(1.) THIS is an appeal at the instance of M/s. Polar Marmo Agglomerates Ltd. who imported certain plant and machinery from M/s. Breton S.P.A. Industria Meccanica, Italy as part of the collaboration agreement dated 20 -6 -89 entered into between the parties. The issue for consideration relates to the valuation of the plant and machinery thus imported. The Commissioner (Appeals) while affirming the order of the adjudicating authority took the view that fee for transfer of know -how and also for assembling and start up of the plant are to be added to the assessable value of the imported plant and machinery. The above finding is under challenge in this appeal at the instance of the importer.

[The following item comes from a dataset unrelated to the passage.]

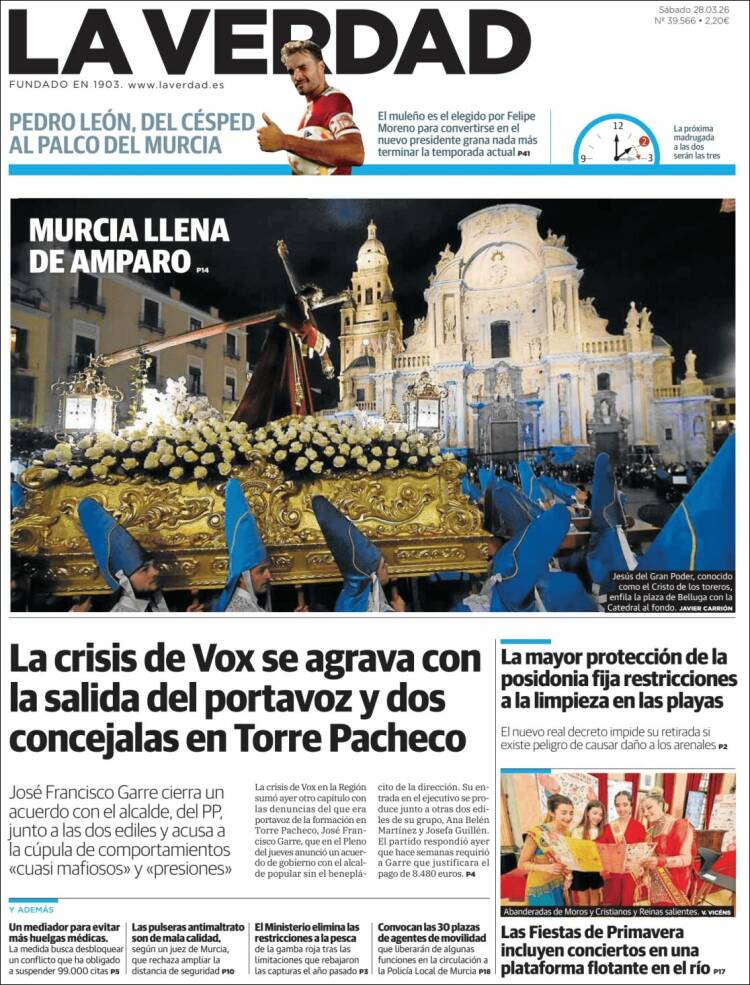 Portada del diario LA VERDAD DE MURCIA del día 28/03/2026 News Europa28 marzo, 202628 marzo, 2026 Portada del diario LA VERDAD DE MURCIA del día 28/03/2026

(2.) IT is contended on behalf of the appellant that the Commissioner has mis -interpreted the terms of the contract and wrongly applied the ratio of Essar Gujarat in this case. According to the appellant the case is covered by the decision of the Supreme Court in Tata Iron and Steel Co. Ltd. v. CCE&C, Bhubaneswar, 2000 (116) E.L.T. 422 and that of this Tribunal in CC, Mumbai v. Rockland Building Materials Ltd., 2000 (115) E.L.T. 228. The appellant submits that agreement to purchase the plant and machinery, agreement regarding assembling and start -up of the plant and agreement for transfer of technical know -how licence are three different parts of the collaboration agreement dated 20 -6 -89. It is pointed out that the Commissioner (Appeals) has wrongly understood the transfer of licence and technical know -how as one for making the plant operational. Know -how licence that is being granted gives the customer agglomerate know -how and a complete and tested programme with necessary assistance. It is not in the matter of plant and machinery which is imported. The appellant would further submit that fee for assembling and start -up of the plant is separately charged and neither the know -how licence nor the agreement for assembling and start -up of the plant is a condition for sale of the plant and machinery. In the show cause notice allegation is that Rule 9(1)(c) of the Customs Valuation (Determination of Price of Imported Goods) Rules, 1988 would apply in the present case. The above rule reads as follows:
(3.) LEARNED Departmental Representative, on the other hand, submits that unless plant and machinery is assembled and start -up of the plant is over with the assistance of know -how, no useful purpose would be served by import of plant and machinery. Therefore, Commissioner (Appeals) was fully justified in adding know -how fee as well as assembling and start -up fee to the value of the plant and machinery.